Dictation for the Rest of Us — Built by Apple, Not the Government
I composed this column using what might as well be a new computer.
It really isn't new at all. In fact, it's only a few months away from the expiration of its extended warranty. Incredibly, a $20 system upgrade has transformed it into a heretofore unimaginable powerhouse.
It's likely that most readers here don't know that I have been a big fan of Apple's Macintosh for 27 years, going back to before the things even had hard drives. Back then, Arthur Young, where I worked, was the only one of the then-Big Eight CPA firms using Macs for anything meaningful (it might have had -- cough-cough -- something to do with the fact that Apple was a client). Those who have known me for a long time certainly remember that many years ago I was often a pain in the rear end about how technologically superior Macs were at the time (because they were).
My preference for Macs is by no means the same thing as saying that I'm a big fan of Apple itself, or even a blinders-on acolyte of its late founder Steve Jobs. As a company, it seems that Apple has been too quick to claim full credit for things others largely developed, and far too eager to legally harass and intimidate critics and "leakers." Al Gore's continued presence on the company's Board of Directors is more than a little disturbing. As much as one can't help but be impressed to the point of awe with the development, marketing, and commercial success of the iPod, iPhone, and iPad, I've never been crazy about and don't own any of them, and am among the few holdouts who believe that phones should primarily be for conversation.

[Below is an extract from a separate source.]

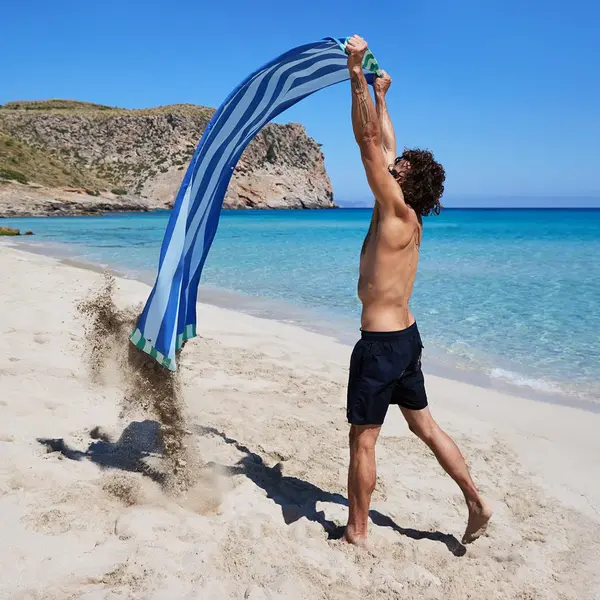 A: Οι πετσέτες Dock & Bay είναι σχεδιασμένες να μην κρατάνε την άμμο και να διατηρούν τη φρεσκάδα τους χωρίς δυσάρεστες οσμές. Είναι κατασκευασμένες από μικροΐνες (83% μικροΐνες, 17% πολυαμίδιο) από 100% ανακυκλωμένα υλικά και πλένονται κανονικά στο πλυντήριο, με στόχο να διαρκούν μια ζωή.
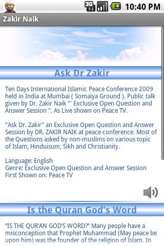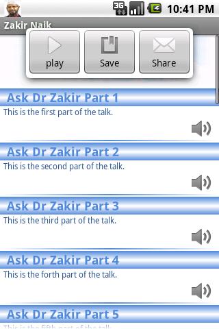 Assalamu Alaikum wa rahmatullahThis is an unofficial zakir naik app. It lists talks of zakir naik which can be streamed, saved or shared. New talks will be made available regularly insha allah.About Dr Zakir Naik A medical doctor by professional training Dr. Zakir Naik is renowed as a dynamic international orator on Islam and Comparative Religion. Dr. Zakir Naik clarifies Islamic viewpoints and clears misconceptions about Islam, using the Qur'an, authentic Hadith and other religious Scriptures as a basis, in conjunction with reason, logic and scientific facts.Dr. Zakir is popular for his critical analysis and convincing answers to challenging questions posed by audiences after his public talks. In the last 12 years (by the year 2008), Dr. Zakir Naik has delivered mo re than 1200 public talks in the U.S.A., Canada, U.K., Saudi Arabia, U.A.E., Kuwait, Qatar, Bahrain, Oman, South Africa, Italy, Mauritius, Australia, Malaysia, Singapore, Hongkong, Thailand, Guyana (South America), Trinidad and many other countries, in addition to numerous public talks in india Recent changes:1) server change2) performance fixes3) download progress in notificationcontent rating: Everyone

Until Saturday, I had begun to think of my current Mac as a nice machine that does a serviceable but insufficiently swift job of helping me get things done -- quite a bit better than most Windows-based machines ever could, but not really cutting edge. Then I installed Mountain Lion.
Somehow, even on a clunky old MacBook like mine, virtually every task moves far more quickly than on any Mac I've ever owned, even brand new ones straight out of the box. That alone was easily worth twenty bucks and an hours-long download on a pretty fast Internet connection. (Confession: Part of my reaction to the speed improvement was the spoiled user's lament: "Where the heck have you guys been the past two years?" Users -- can't live with 'em, can't live without 'em.)
The speed improvement is really nice. But, at the risk of being seen as applying for readmission to the cult, Mountain Lion's dictation program is truly transcendent and insanely great (there I go).
Using it is ridiculously simple. First, make a one-time selection to enable dictation in System Preferences. Then, with your cursor appropriately placed in a program or form's entry area, press the Function (fn) key twice. A small dictation icon pointing to where your text will begin when you start speaking appears. To interrupt dictation after speaking for a while to collect your thoughts, press the Function key once; what you've said thus far will appear. Press the Function key again when you're ready to resume. To end dictation, press the Function key twice or click "Done" in the dictation icon. That's all there is to it.
Compare that to what one must do to get dictation working (sort of) in Windows 7: Select speech recognition; set up microphone; take speech tutorial; and train your computer to better understand you.